DATA SHOWN section start
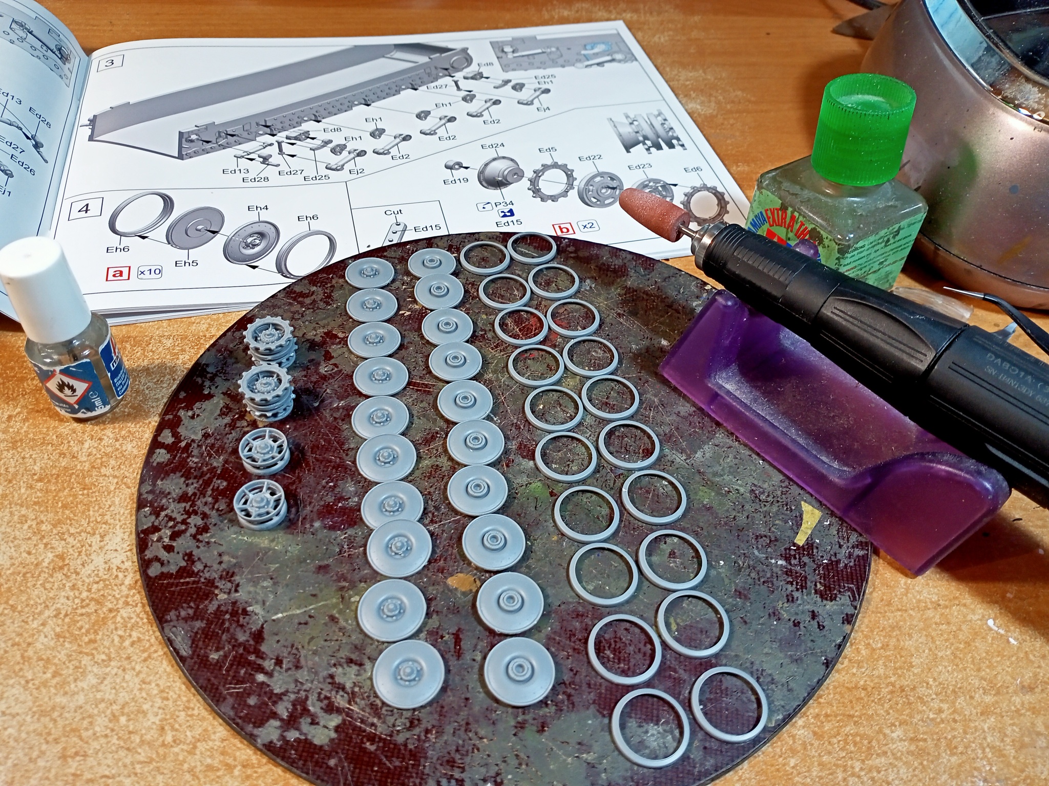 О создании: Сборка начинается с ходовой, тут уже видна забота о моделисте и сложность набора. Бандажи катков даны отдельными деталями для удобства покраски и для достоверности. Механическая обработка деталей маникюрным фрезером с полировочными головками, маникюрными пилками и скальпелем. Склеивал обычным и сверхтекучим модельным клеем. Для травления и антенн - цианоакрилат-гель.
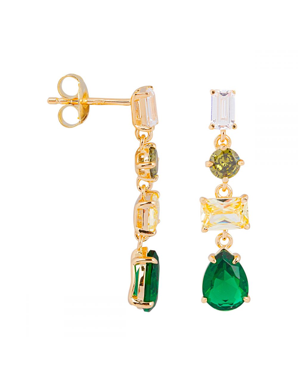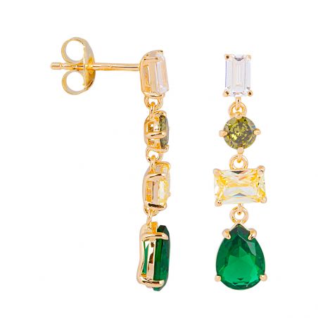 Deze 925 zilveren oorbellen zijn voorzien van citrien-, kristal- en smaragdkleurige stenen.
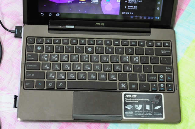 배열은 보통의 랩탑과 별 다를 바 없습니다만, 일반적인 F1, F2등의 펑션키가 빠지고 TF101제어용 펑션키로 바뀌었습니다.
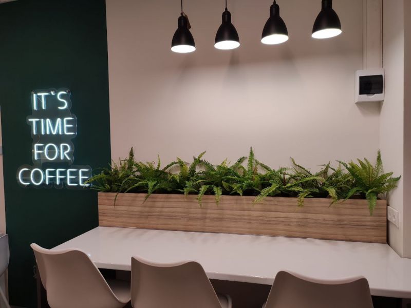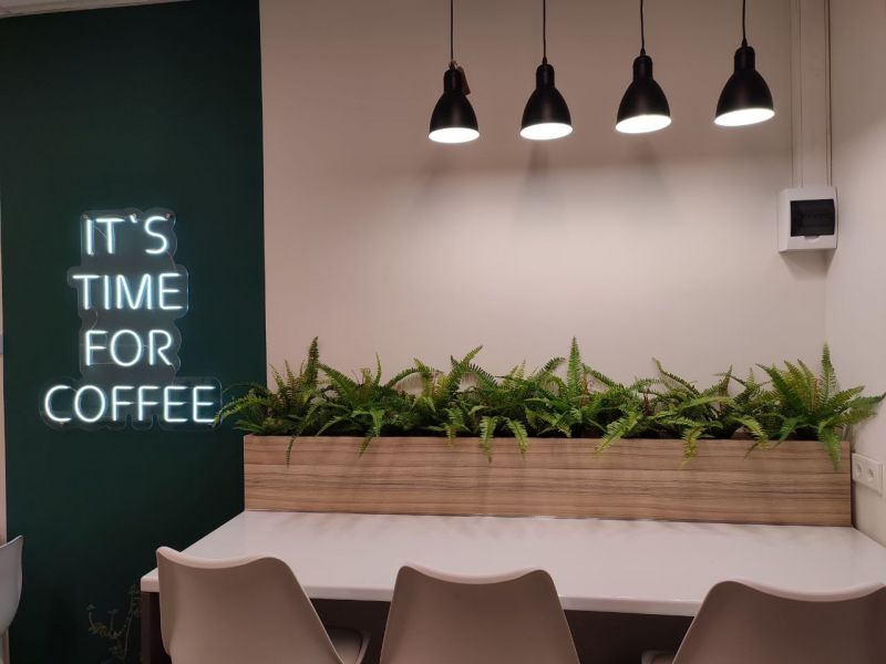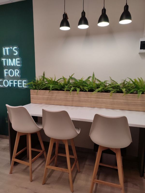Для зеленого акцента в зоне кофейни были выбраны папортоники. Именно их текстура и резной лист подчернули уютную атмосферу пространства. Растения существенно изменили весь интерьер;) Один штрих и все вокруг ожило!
DATA SHOWN section end
DATA SHOWN section start
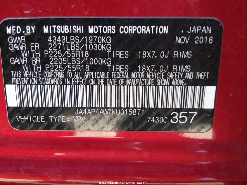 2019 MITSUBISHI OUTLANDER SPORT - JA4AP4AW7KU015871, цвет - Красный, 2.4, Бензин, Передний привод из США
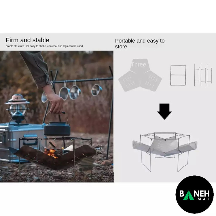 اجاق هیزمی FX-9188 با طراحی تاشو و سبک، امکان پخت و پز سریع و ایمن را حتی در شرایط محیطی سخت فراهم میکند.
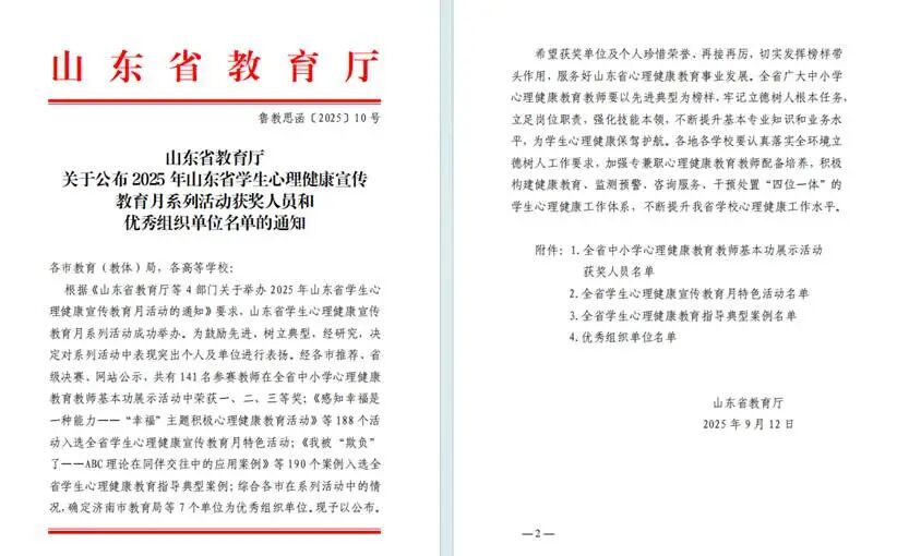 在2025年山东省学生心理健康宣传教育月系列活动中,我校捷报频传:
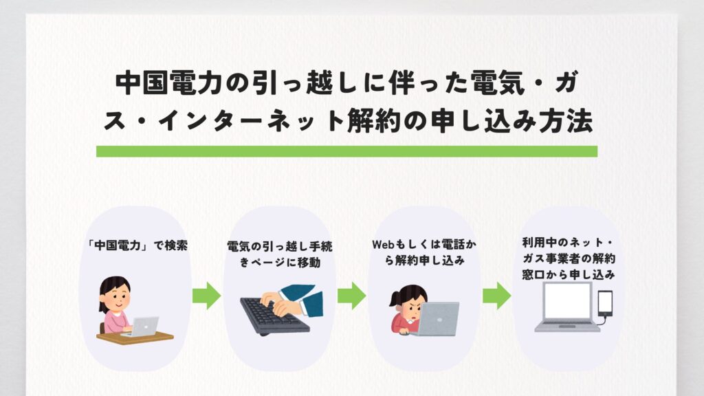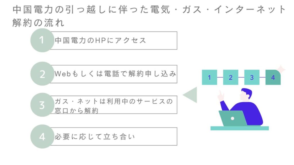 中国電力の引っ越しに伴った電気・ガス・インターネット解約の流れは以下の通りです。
DATA SHOWN section end
DATA SHOWN section start
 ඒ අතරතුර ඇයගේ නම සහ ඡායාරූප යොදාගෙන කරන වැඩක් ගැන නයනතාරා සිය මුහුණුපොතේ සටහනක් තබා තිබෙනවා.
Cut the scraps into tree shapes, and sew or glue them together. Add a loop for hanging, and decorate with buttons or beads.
DATA SHOWN section end
**EXERCISE:** What's needed is an exact copy of the records above from the line containing "О создании: Сборка" down to the line containing "Для зеленого акцента", both included, without any pictures.

**OUTPUT FOR THIS TASK:**
 О создании: Сборка начинается с ходовой, тут уже видна забота о моделисте и сложность набора. Бандажи катков даны отдельными деталями для удобства покраски и для достоверности. Механическая обработка деталей маникюрным фрезером с полировочными головками, маникюрными пилками и скальпелем. Склеивал обычным и сверхтекучим модельным клеем. Для травления и антенн - цианоакрилат-гель.
 Deze 925 zilveren oorbellen zijn voorzien van citrien-, kristal- en smaragdkleurige stenen.
 배열은 보통의 랩탑과 별 다를 바 없습니다만, 일반적인 F1, F2등의 펑션키가 빠지고 TF101제어용 펑션키로 바뀌었습니다.
Для зеленого акцента в зоне кофейни были выбраны папортоники. Именно их текстура и резной лист подчернули уютную атмосферу пространства. Растения существенно изменили весь интерьер;) Один штрих и все вокруг ожило!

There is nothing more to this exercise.